2) Ask for feedback, or find out what else you can help the team with at least twice per week. Try to do this when you are alone with your supervisor, not in front of the group as you want to get true feedback.
3) Before you leave the job, get verbal feedback on how you did, what can be improved, and when they will be willing to do your written review.
The annual review process differs between companies but the basics are the same. Top management (and if you’re a new employee to the industry, middle management) meets to discuss your performance and in many instances, stack you from top to bottom against your peers.
You usually don’t see who is first and who is last (although if a company is doing that, let me know) but many people share the results at the end of the year, especially if they’re upset with what they received.
I bring up the ratings and review process as it serves as the judgment for how you did when compared to others and is the substantive measure of how you competed with your co-workers.
Rating scales at companies can differ, however from what I have seen there is typically a 1-5 scale rating and depending on the company 5 could be the highest performer or the lowest performer. Let’s assume for the moment that a 5 is the highest rating. If you receive a 5 then you’ll be getting the top raise amongst your peers and the highest bonus, and you will most likely be selected for special projects, company development activities, and top clients.
I also think of it as a kind of “safety net,” wherein the highest rated people would usually be the last to get fired if a downsizing occurred.
There is room for everyone in your firm. When you work at an accounting firm or other consulting-type company, you are the revenue generating activity. When that’s the case, you can always build a position for yourself.
There are a myriad of positions available so don’t feel like you’re competing against your peers for a set number of opportunities. If you’re really good, you could create something that didn’t previously exist, particularly if you can sell to new clients.
There are successful tacticians who help build companies' technical skills and methodology frameworks. There are others who you can hardly trust to reconcile their own bank accounts, but are incredible when it comes to sales/marketing and client relationships. Others are great at motivating the team, building the business, and running operations. Find out what’s unique about you and what you would be passionate about.

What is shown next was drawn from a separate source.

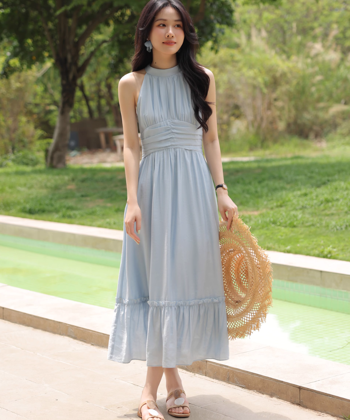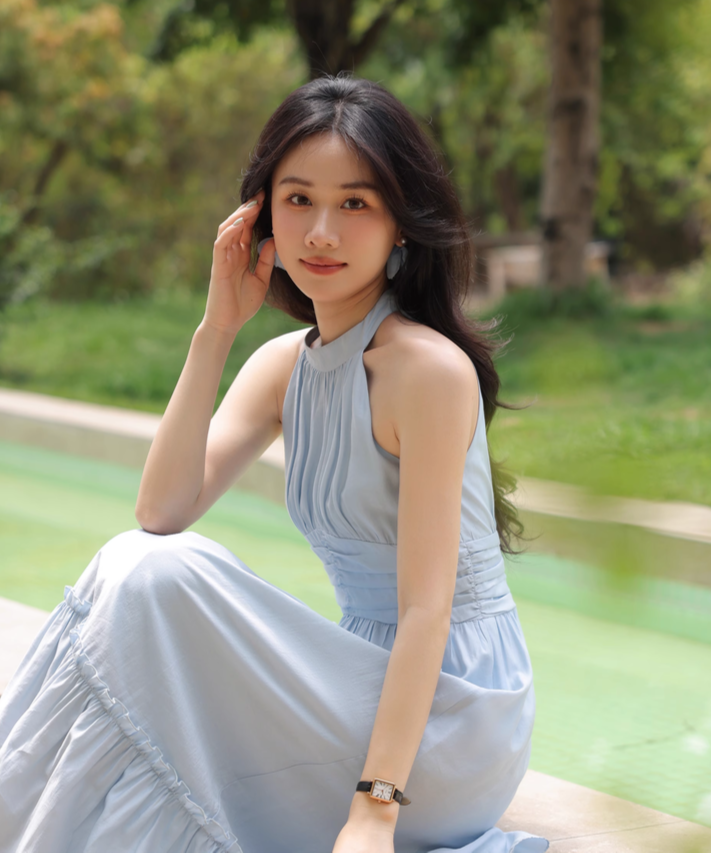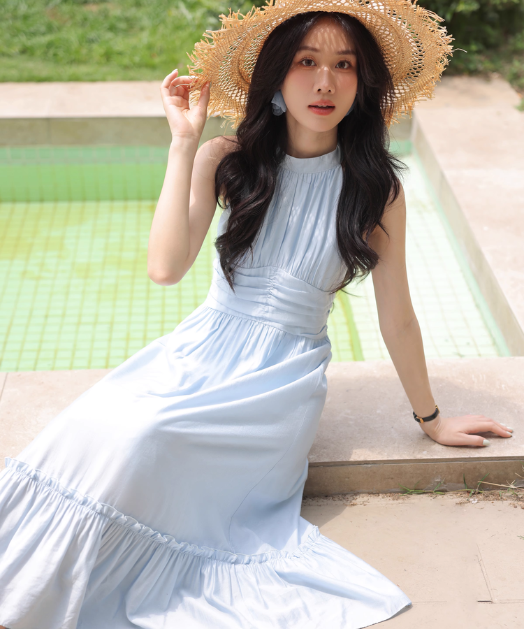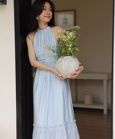 首まわりがスッキリ見えるし、ウエストも締まって見えて綺麗!

Are you technically smart? Great with clients? Skilled in running the operations? Cultivate these unique skills rather than comparing yourself to others.
Bring to the table what you have that's different and something others cannot do. Win by be being yourself, not by destroying others. That is the key.
For some detailed things you can do to exceed the expectations of management, here are a few suggestions:
- Always do your current job first. You may want to stand out and show that you can take on new responsibility, but don’t let your core job suffer
- Find someone who has been successful at the company and reach out to them. Ask them to go to lunch and be your “unofficial mentor” (some companies assign you a mentor but it’s rarely the best person for you)
- Don’t have a mindset that you are trying to beat your peers, just try to be the most successful in your own right. Learn from others, take their advice, and learn their skills.
- Don’t stress when other people try to sabotage you. The sword they stick at you is often double edged and will come back to haunt them.
- Always volunteer for a new opportunity. People make fun of the word opportunity, believing it’s a euphemism for a new piece of drudge work that a higher up doesn’t want to do and is dumping on you. However, in my experience that’s hardly the case. It generally does mean more work, but usually much more growth.
- Maintain your connections outside your company and leverage those connections when you need to start selling work or when you’re ready to make the jump somewhere else. Your Rolodex can make for a soft landing.